We’ll use top and ps to get a snapshot of memory consumption. For a more sustained view, atop is invaluable as it logs historical data.

Using top for Real-time Analysis

Run top and sort by memory usage. Pay close attention to the %MEM and RES columns. RES (Resident Memory Size) is the non-swapped physical memory a task has used. A steadily increasing RES value for a specific daemon process over time is a strong indicator of a memory leak.

To sort by memory in top, press M after launching it. To exit, press q.

Using ps for Detailed Process Information

ps provides a static snapshot but can be more precise for scripting or specific process identification. We’ll look for the process ID (PID) of the suspect daemon and then query its memory usage.

First, find the PID of your daemon. Replace your_daemon_name with the actual name or a part of it.

pgrep -fl your_daemon_name

Once you have the PID (let’s assume it’s 12345), you can get detailed memory information:

ps aux | grep 12345

Focus on the %MEM and RSS (Resident Set Size, equivalent to RES in top) columns. For a more granular view, especially for virtual memory, use:

ps -p 12345 -o pid,ppid,cmd,%mem,rss,vsz

Leveraging atop for Historical Analysis

atop is a system and process monitor that logs system activity, including memory and disk usage, to a file (typically /var/log/atop/atop_YYYYMMDD). This is crucial for diagnosing intermittent issues or leaks that develop over hours or days.

If atop is not installed, install it:

sudo apt update && sudo apt install atop  # For Debian/Ubuntu
sudo yum install atop  # For CentOS/RHEL

To view historical data for a specific day, use:

atop -r /var/log/atop/atop_YYYYMMDD

Within the atop interface, press m to sort by memory usage. Look for processes whose memory consumption (RES) is steadily increasing over the logged period. You can navigate through time using the t (next) and T (previous) keys.

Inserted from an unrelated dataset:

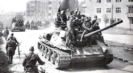 苏联红军第208独立自行火炮旅装备的SU-100坦克歼击车(SU-100装备的D-10S 100mm坦克炮,是在F.F.彼特洛夫领导下完成的杰作。该炮是基于海军的100mmB-34型炮。新型炮的基本型号定名为D-10,坦克型的为D-10T,而自行火炮型的为D-10S,这两种型号仅有很小的区别)。

Diagnosing Socket Exhaustion

Socket exhaustion occurs when a process opens too many network connections (sockets) and exhausts the available file descriptors or ephemeral port range. This often leads to new connection failures and can impact the entire system’s networkability.

Checking Open File Descriptors

Every open socket is represented as a file descriptor. We can check the number of open file descriptors per process.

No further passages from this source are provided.